Nerlich gab zwar zu, dass er der Zeit gegenüber erklärt habe, das Urteil enthalte »einige Unrichtigkeiten«, bestritt aber die Äußerung im Übrigen. Doch auf Anfragen hin bekräftigte die stellvertretende Chefredakteurin der Zeit : »Wir bleiben bei unserer Darstellung.« Nerlich bestritt auch, dass er Mollath als einen wirren Charakter bezeichnet habe – das Wort »wirr« habe er mit Sicherheit nur auf dessen Ausführungen bezogen. Den Vorwurf, er habe nachweislich wahrheitswidrig behauptet, der Revisionsbericht der HypoVereinsbank von 2003 gebe »gerade keine Belege für steuerrechtliche Verstöße«, versuchte er vergeblich damit zu widerlegen, er habe Beweise für Bargeldtransfers gemeint.
Roland Jüptner, früher Ministerbüroleiter unter Erwin Huber, hatte in der vorangegangenen Sitzung behauptet, über den Anruf des Richters Brixner bei der Steuerfahndung, wonach Mollath verrückt und deshalb seine Strafanzeige nicht ernst zu nehmen sei, habe der Beamte, mit dem Brixner telefoniert habe, keinen Aktenvermerk gefertigt. Doch die Presse konnte gleich darauf sogar zwei solcher Aktenvermerke präsentieren. Diese hatte Jüptner selbst kurz zuvor in einem Bericht an das Finanzministerium zitiert! Er hatte somit vor den Landtagsabgeordneten die Unwahrheit gesagt.
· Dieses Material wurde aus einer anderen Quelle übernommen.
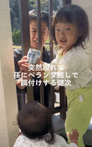 ベランダにやって来たのは、49歳のおじいちゃん。柵の間からお孫さんたちに飲み物を渡していました。お孫さんたちも嬉しそうにおじいちゃんに寄って行き、おじいちゃんも笑顔になります。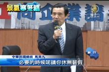 2011-11-02 21:05:50接下來看到的,就是越演越烈的科技業無薪假風暴。今天總統馬英九在新竹科學園區與企業界代表舉行座談會。馬總統說,雖然目前景氣低迷,相較於三年前金融風暴時,一開始就有416家廠商、十八萬人放無薪假,現在無薪假的情形,還不嚴重,不過馬總統還是希望各界能共體時艱。

Jetzt redete er sich darauf hinaus, wegen des Steuergeheimnisses habe er die Aktenvermerke verschweigen müssen – eine weitere Unwahrheit. Denn das Steuergeheimnis untersagt lediglich, die steuerlichen Verhältnisse eines Steuerpflichtigen offenzulegen.
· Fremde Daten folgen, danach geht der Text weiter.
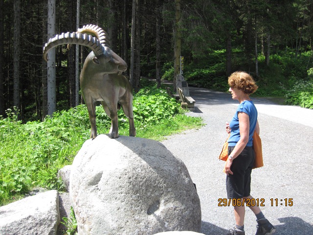 Bij een toeristen kiosk en restaurant was op een pleintje een bronzen beeld van een steenbok. Die keek ondeugend naar de wandelaars als die voorbij kwamen.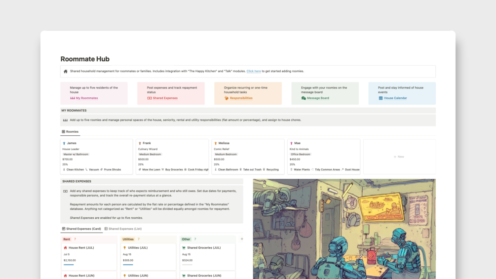 Roommate Hub - Shared Household Management "Kitchenless" Version (Notion Things)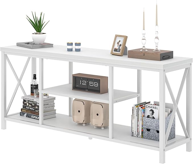 - Versatile TV Console Table: Designed with 3 tiers and 4 open compartments, this entertainment center and TV console offers ample space for your media equipment, CDs, DVDs, cable boxes, and books. White tv stand supports TVs up to 65 inch, helping to keep your living room, bedroom or entryway well-organized and clutter-free.

Beamte haben eine dienstliche Wahrheitspflicht gegenüber staatlichen Organen, erst recht gegenüber dem Parlament. Ein Verstoß dagegen ist ein Dienstvergehen. Der Landtag ist die Vertretung des Volkes. Und das weiß jedenfalls jetzt, woran es ist, nachdem die besagten Herren ungeschoren blieben, da Justizministerin Merk und Finanzminister Söder keine Disziplinarverfahren gegen Nerlich und Jüptner eingeleitet haben.
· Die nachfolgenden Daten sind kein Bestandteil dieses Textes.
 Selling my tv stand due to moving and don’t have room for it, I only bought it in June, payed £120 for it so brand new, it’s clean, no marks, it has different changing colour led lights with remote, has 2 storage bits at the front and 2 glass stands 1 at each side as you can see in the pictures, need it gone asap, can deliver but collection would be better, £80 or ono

Der Wiederaufnahmeantrag der Staatsanwaltschaft Regensburg
Ende März 2013 stellte schließlich auch die Staatsanwaltschaft Regensburg beim dortigen Landgericht einen Wiederaufnahmeantrag. Die Presse jubelte: Hier wird ein Stück bundesdeutsche Rechtsgeschichte geschrieben! Zum ersten Mal sah sich eine Staatsanwaltschaft gezwungen, zugunsten eines Verurteilten ein Verfahren neu aufzurollen. Der schier aussichtslos erscheinende Kampf gegen die Justizministerin und ihre Verbündeten in der Partei und in der Justiz hatte zum Erfolg geführt.
Für Beate Merk war es eine krachende Niederlage, hatte sie doch Mollath unentwegt als brutalen Gewalttäter hingestellt, der weiterhin weggesperrt werden müsse, und erklärt, der Fall sei mehrmals umfänglich überprüft worden.